Confusion of 'school-teaching' with 'family-teaching'
Much of the anxiety about religious education in Catholic schools comes from a view of religious education
which does not make an adequate distinction between the school-teaching of religion and the family-teaching of
religion. The main task of the classroom religion teacher is the school-teaching of religion -- that is to help pupils
acquire knowledge of their faith tradition. This knowledge does not of itself automatically generate personal
faith and commitment. Yet this knowledge and its accompanying affective learning contribute vitally to the
maturing of a personal faith in young people.

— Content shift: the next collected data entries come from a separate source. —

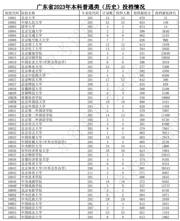 2023年广东高考本科普通类投档,7月19日,我省本科批次普通类正式投档,共投出普通类考生273025人。为了方便同学们了解投档情况,北京高考在线团队特意整理了本科普通类(历史组)投档分数统计,详情如下:
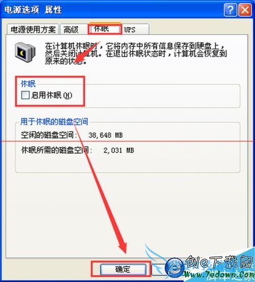 6、如果,你要开启系统的休眠功能,同样可以在”电源选项”窗口的“休眠”选项卡中,选中“启用休眠”复选框。
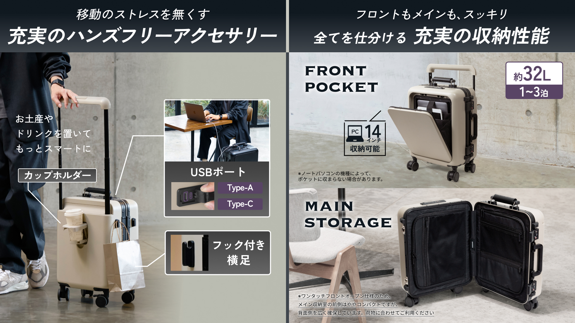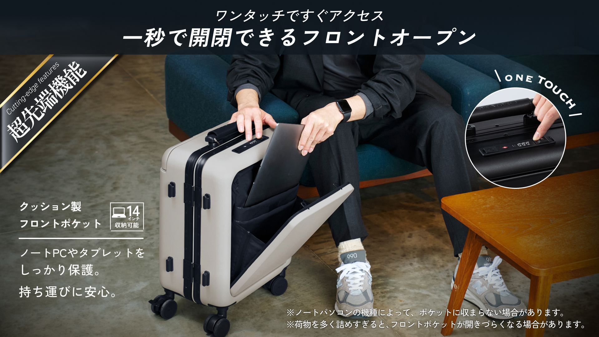 一秒で開閉できる ワンタッチフロントオープン構造を採用。空港や移動中でも荷物を素早く取り出せます。さらにPCやタブレットを守るクッション入りポケットを搭載し、出張やワーケーションにも最適です。
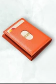 Vegan Deri Cüzdan Çıtçıtlı Geniş Kağıt Para - 8 Adet Kart Kapasiteli Minimal Model Turuncu
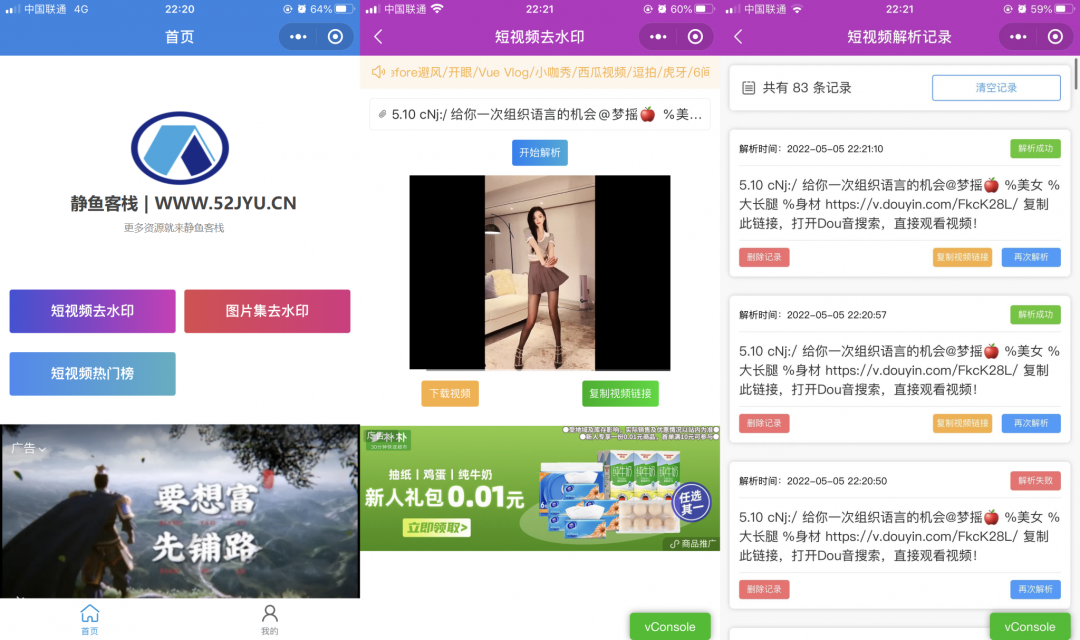 支持各大平台短视频去水印 支持图集去水印 另外还有一个功能也就相当于抖音一样刷短视频 偷偷告诉你们哟,刷的短视频都是热门小姐姐哟!惊不惊喜意不意外 资源下载此资源下载价格为6.6U点点击检测网盘有效后购买,VIP免费立即升级客服QQ:305582964 联系邮箱:305582964@qq.com
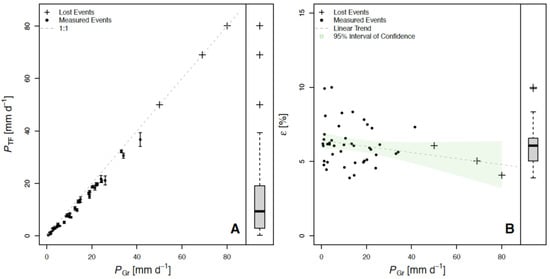 Linear relationship between throughfall and gross precipitation (A), and the distribution of the sampling error in percentage respect to gross precipitation (B) in a Parkinsonia aculeata stand at Palo Verde National Park, Costa Rica.
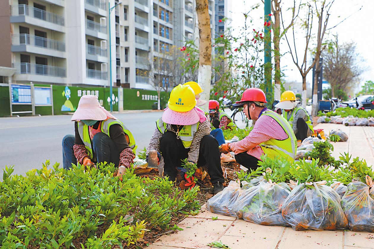 近日,在澄江市澄波路,绿化工人正在移栽绿化带花卉苗木。连日来,澄江市抢抓春季有利时机,对城市主次干道绿化带植被进行大规模补植补种、培育养护,以良好的景观扮靓城市,让春日的城市绿意更浓。 通讯员 阮刘海 曹敏 摄
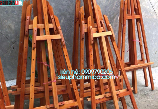 Ưu điểm của standee gỗ là cứng cáp, có thể để được nhiều kích thước tranh, tháo lắp dể dàng. Biển standee gỗ được dùng phổ biến nhất hiện nay so với các loại standee khác.
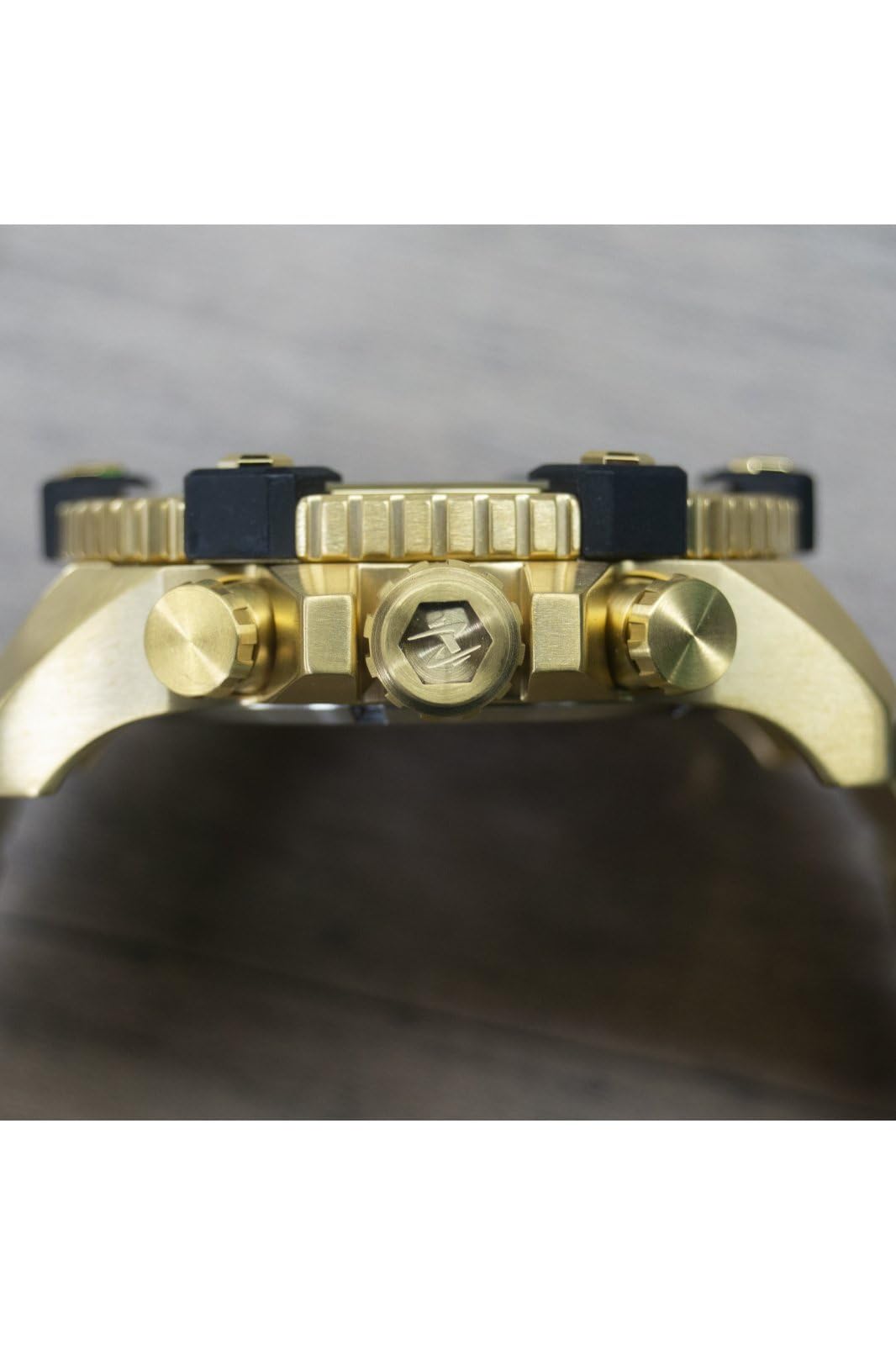 -Gold tone stainless steel case 56mm diameter x 19mm thick; Exhibition case back; Black dial; Luminous hands and hour markers
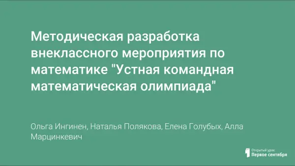 Мероприятие может быть полезным учителям математики, работающим в 5–8-х и 10-х классах. Подбор задач для олимпиады соответствует уровню математической подготовки учащихся данных классов, типы заданий разнообразные, уровень сложности различный. Для каждой задачи приводится решение или ответ, указано время на ее решение и количество баллов.
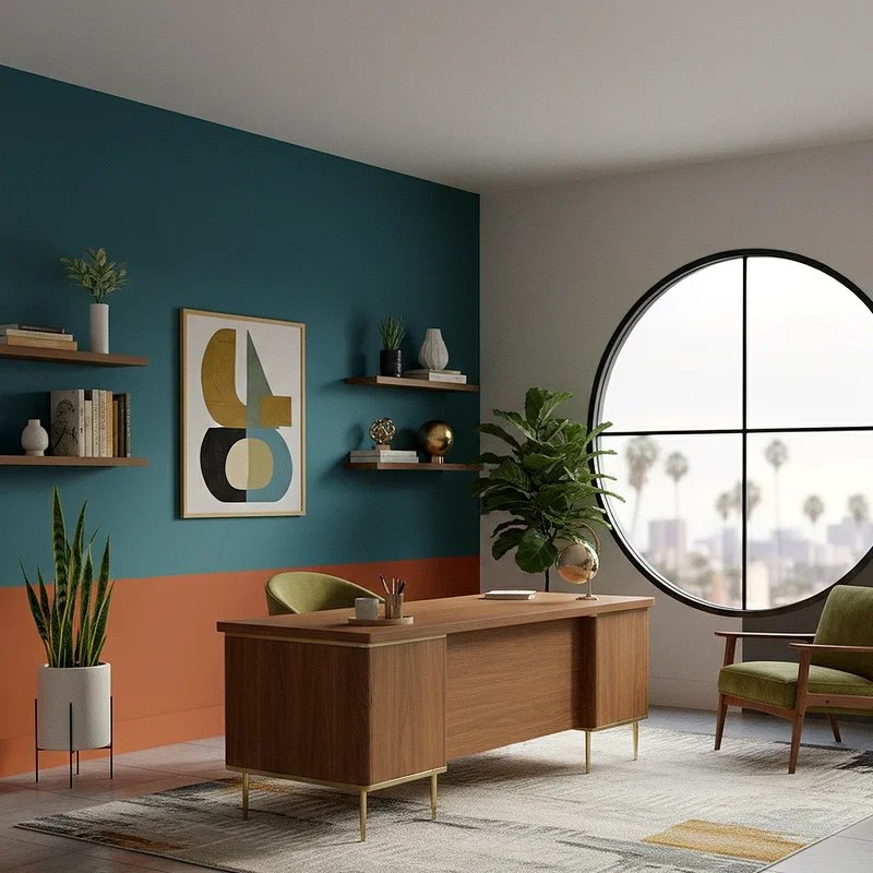 Who says offices must stick to boring beige when color blocking can inject energy and personality into your workspace? Mid century modern design celebrated bold color choices, from burnt orange to olive green, creating focal points that energize without overwhelming. Choose one wall for dramatic impact, perhaps behind your desk or surrounding built-in shelving, painting it in a saturated hue that complements your furniture's wood tones. This technique defines zones within larger spaces or makes small offices feel intentionally designed rather than afterthoughts. The key is selecting colors that inspire rather than distract, considering how different hues affect mood and productivity throughout the day. Pair bold walls with neutral furniture to prevent visual chaos, letting color serve as backdrop rather than competition for your attention during work sessions.
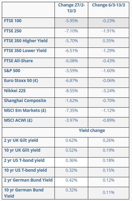 Market performance. The second week of US/Israel-Iran war saw continued equity market falls, but much less than in week one. However, bonds remained under heavy pressure.
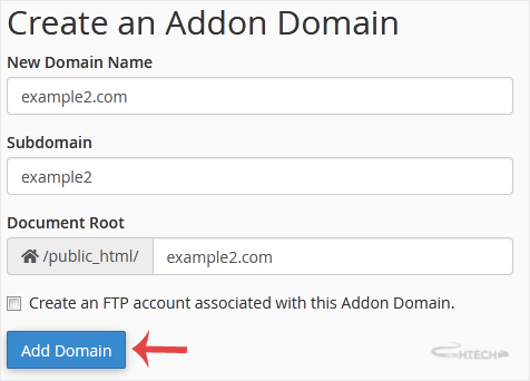 Leave the option Create an FTP account associated with this Addon Domain as it is.
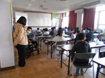 11月22日に呉竹総合支援学校の3年生と3年4組との交流会がありました。今年度2回目の交流です。今回は、自己紹介クイズをしました。好きなものなどをクイズにして、3つの選択肢から答えを選んでもらいます。自分のことを知ってもらうために、GIGA端末を使って準備を進めてきました。クイズで楽しく紹介できました。
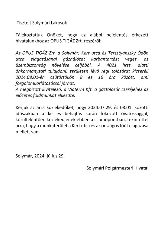 Hétfő: 8:00-12:30; 13:00-18:00 / Kedd: 8:00-12:30; 13:00-16:00 / Szerda: 8:00-12:30; 13:00-16:30 / Csütörtök: 8:00-12:30; 13:00-16:00 / Péntek: 8:00-13:30
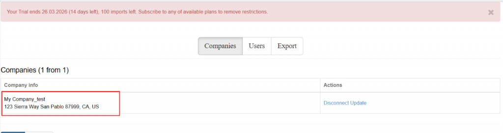 Once the authorization is complete, your accounting company appears on the account page. You are now ready to start importing data.
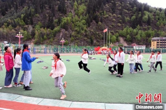 5月17日,四川阿壩州壤塘縣寄宿制學(xué)校的學(xué)生在操場(chǎng)跳繩。中新社記者 安源 攝
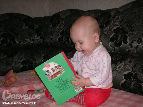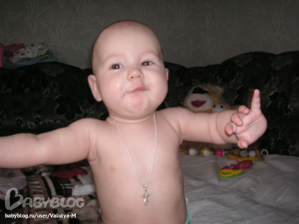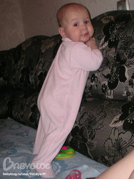 ХвастаемсяВот такие мы уже большущие!!! Как же быстро пробегает время! Этот месяц стал для нас месяцем переживаний и новых умелок. Мы почти две недели пролежали в больнице с бронхитом((( легли как только исполнилось полгода. Нашу попу искололи иголками и заставляли пить таблетки (это кстати о нашей медицине - в детском отделении нет сиропов от кашля, только таблетки...). Но в целом даже в больнице мы не унывали и постигали новые умения. Научились похорошему ползать и даже переползать через препятствия в виде подушек, подлокотников и пр. Научились сидеть, первый раз сама села ровно в полгода, а к 6,5 месяцам научилась это делать свободно, сейчас садится даже не задумываясь и сидит столько, сколько захочет, а не заваливается на бок как в первые попытки. Даже не научившись толком сидеть, дочка решила, что ей пора вставать, певые попытки (безуспешные, конечно) она совершила в больнице, цеплялясь за прутья кроватки (а глупая мама все думала, что она к ним лезет постоянно). Первый раз встать получилось, когда выписались в 6,5 месяцев, уже дома, дочка подобралась к подлокотнику дивана, оперлась на него ручками, встала на ножки и переместила руки на придвинутый к дивану стол, встав при этом в полный рост. Счастью ее не было предела, вообще она очень радовалась всем своим новым умелкам: получилось сесть - улыбка до ушей, встала - радостный визг, сейчас все это, конечно,не вызывает такую бурю эмоций. Теперь дочка встает, когда захочет, не могу сказать что совсем легко и свободно, но все же без особых проблем, встает на диване, держась за маму или папу, встает в манеже, в кроватке, около стула и т.д. Научились говорить первые слоги "ма-ма-ма" и "тя-тя-тя", иногда "да-да-да". Одевать дочку стало невозможно, она всегда удирает, особая беда перед прогулкой, когда памперс надо одеть! Купили дочке горшок, вчера "обновили", успели уже и посикать, и покакать туда (ну совсем как большая))) В питании появилась хоть небольшая, но все же разнообразность. Кроме маминой тити едим рисовую и гречневую кашу, кабачек, картошку, цветную капусту и брокколи, понемножку начали пить воду, иногда мне кажетсь правда, что не от жажды, а потому, что потом мама даст бутылочкой поиграть и можно будет соску покусать. Нравиться из кружки "пить" - в нее весело пузыри пускать, правда потом приходится переодеваться. Купаемся теперь сидя в ванной, научились хлопать по воде ладошками, любимая игрушка во время купания, это маленькое красное ведерко, почти не выпускаем его из рук. Ну и вес наш теперь 8900 гр, рост 71 см. Дальше фото-отчет:
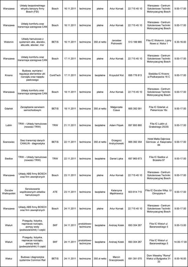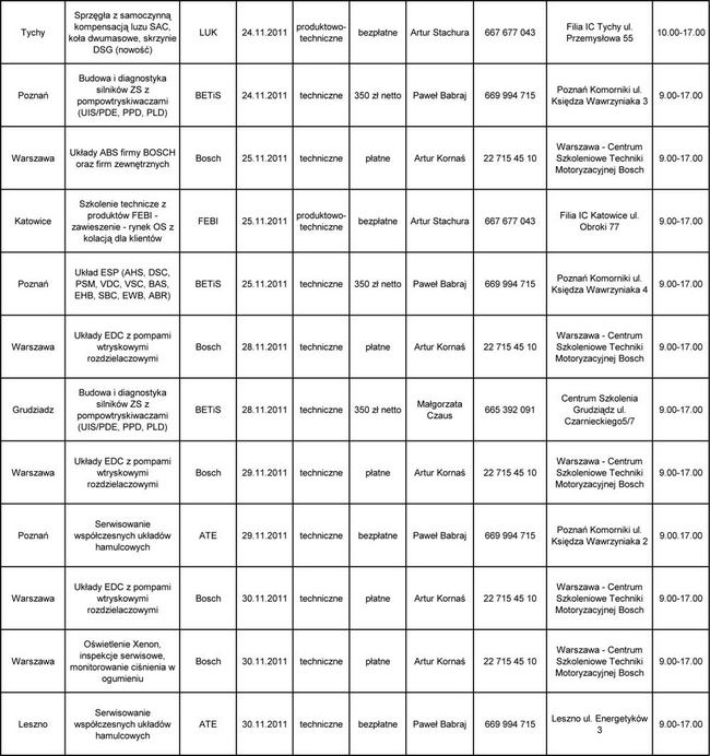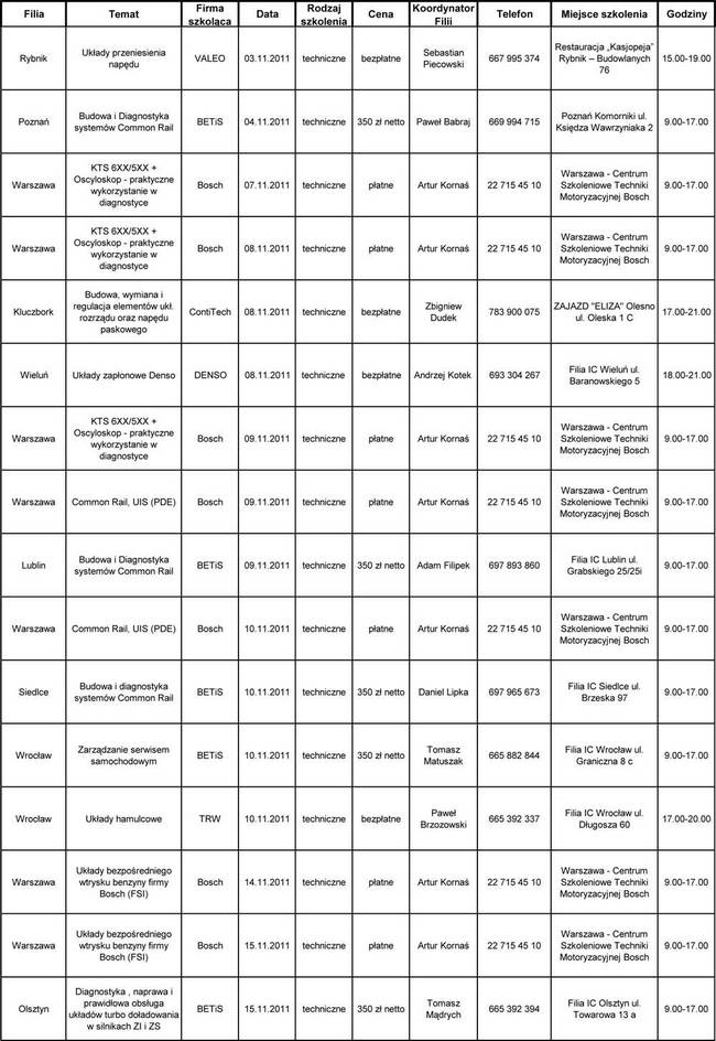 Zgłoszenia na szkolenia Inter Cars przyjmują i udzielają dodatkowych informacji podani w poniższej tabeli koordynatorzy filii.
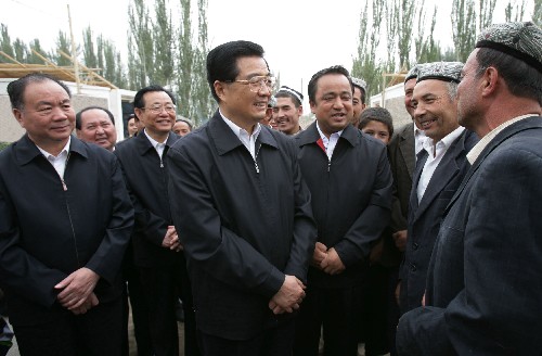 9月6日至11日,中共中央总书记、国家主席、中央军委主席胡锦涛在新疆考察工作。这是9月8日胡锦涛在洛浦县山普鲁乡加依艾日克村同村民们亲切交谈。
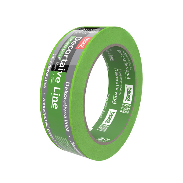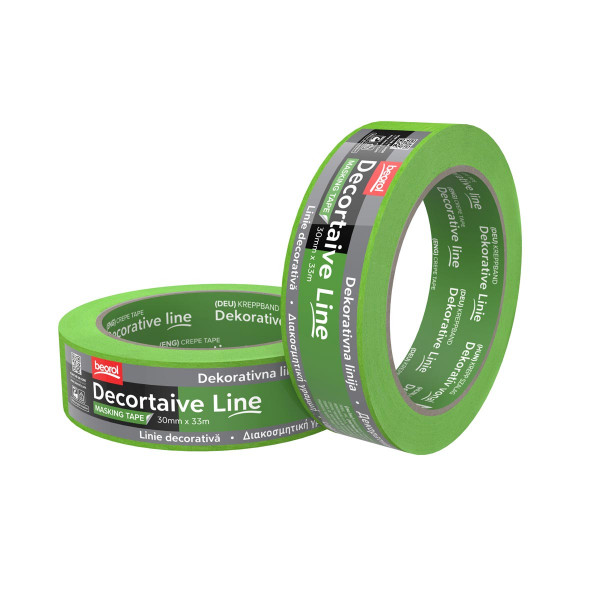 Krep traka Deco line 30mm x 33m je namenjena za zaštitu površina različitih oblika, kao i molerske radove koji zahtevaju izradu različitih oblika i kombinovanje tehnika. Traku karakteriše lepak od prirodnog kaučuka i elastični papir. Kombinacija papira i lepka na ovoj traci onemogućava probijanje boje na zalepljenu površinu prilikom izvođenja radova. Namenjena je profesionalnim i poluprofesionalnim molerima kao i hobistima. Nakon lepljenja na površinu, traka pruža najbolje performase do 48h i ostavlja površinu čistom nakon uklanjanja trake. Boja: Zelena.
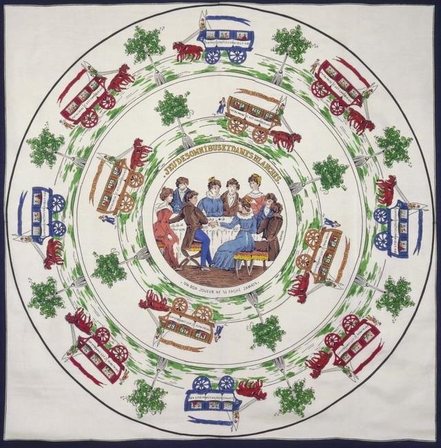 「女王與馬車」在1937年面世,生動記錄當時社交場景,上流名媛們圍坐長桌玩牌類遊戲,圍繞着她們的內圈是順時針行駛的橙色馬車,外圈則是逆時針行駛的藍色馬車,畫面宛如旋轉圓盤,饒富動感,是愛馬仕史上第一款絲巾,由愛馬仕第四代傳人兼總裁Robert Dumas設計。
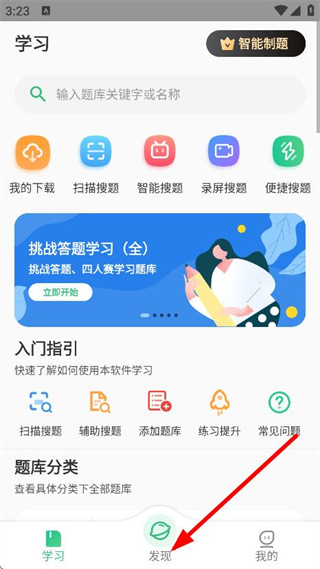 1、在學(xué)習(xí)頁(yè)面,點(diǎn)擊底部的發(fā)現(xiàn),進(jìn)入發(fā)現(xiàn)頁(yè)面。
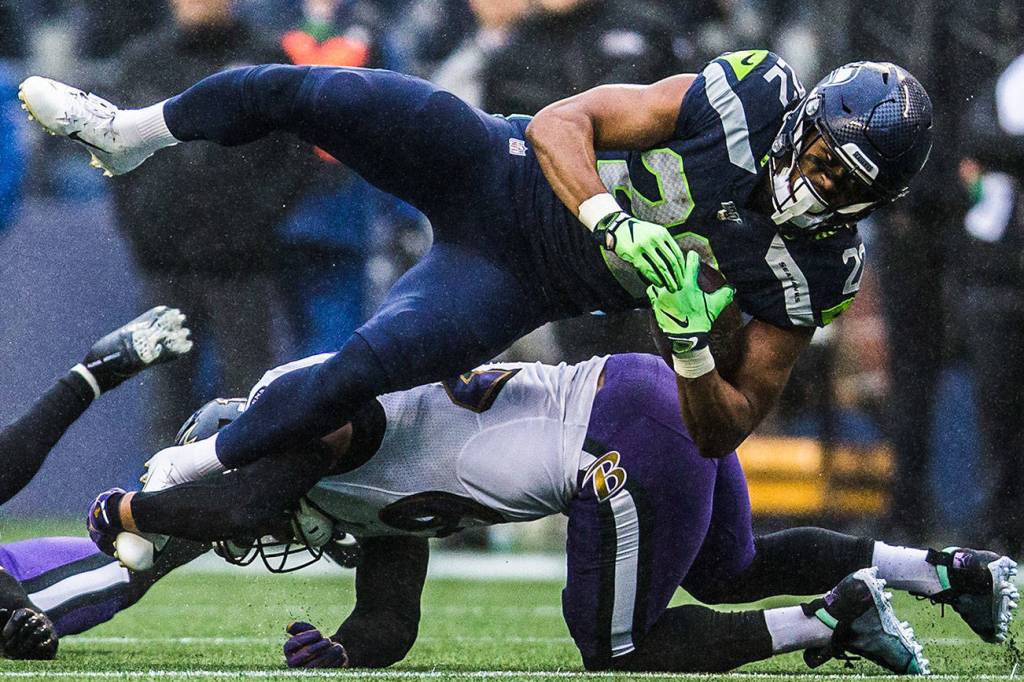 Seattle’s offense also found success during the first two quarters, routinely putting together promising drives. But Baltimore yielded just three second-half points and leaned on Jackson’s legs to spark its second-half offense.
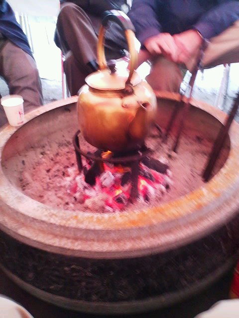 しかし雨がやみそうになく寒さがひどくなってきました。テント内で大火鉢を囲って談笑しながら雨が止むのを待っています。

Because faith is a very personal matter and because it is regarded by Christians as a free response to a gift from
God, the religion teacher should have profound respect for the freedom of pupils to make their own response in
faith. The religion teacher's task is to help pupils become better informed and capable of thinking seriously about
Comparing school teaching and family teaching
4
their faith and about religious matters in general. Whether this deepens their personal faith or not is beyond the
control of the religion teacher.
Some people may expect too much of classroom religious education in the way of family-teaching. They May
expect that something should be done in the school-teaching of religion to improve the Mass attendance of young
Catholics and to temper moral problems like permissiveness. The natural limits to the influence that classroom
religious education can have in these matters are not recognised. These problems are influenced more by factors
such as home background, peer groups, cultural expectations, and experience in the local church. Knowledge of
religion gained in the classroom may enrich young people's religious practices but it does not inevitably generate
such practices if they are initially absent. What a good religious education can do is stimulate an interest in
religious practices, helping in the growth of a religious life.
A different type of problem occurs where teachers try to achieve too much in the way of family-teaching in the
classroom while neglecting the type of teaching that is most effective in that setting -- school-teaching. For
example, while personal sharing and discussion of experience may be appropriate in a retreat or voluntary youth
group, some teachers can give too much emphasis to unguided/openended discussions in the classroom;
sometimes teachers may put psychological pressure on students to reveal their own personal views and
commitments in the classroom. Studying religion through reading, writing, analysing and discussing content may
be neglected. Students may find that an overemphasis of openended discussion of their experience without an
opportunity to look carefully at new content may lack challenge and seriousness when compared with what is
done in other subjects; they may also find that a constant direct focus on their own attitudes and personal
responses can be an affront to their privacy. Nevertheless, it should be noted that good personal discussions
usually flow quite naturally from well run religion classes where plenty of content is considered. What is crucial
is how the teacher goes about allowing for discussion.
There is a need to achieve balance in classroom religious education, giving sufficient attention to content while
allowing for the consideration of the pupils' interests, views and questions. While attention needs to be given to
the experience of pupils and to contemporary social issues, the Church's traditions in theology, Scripture, history
and religious practices should have a prominent place content.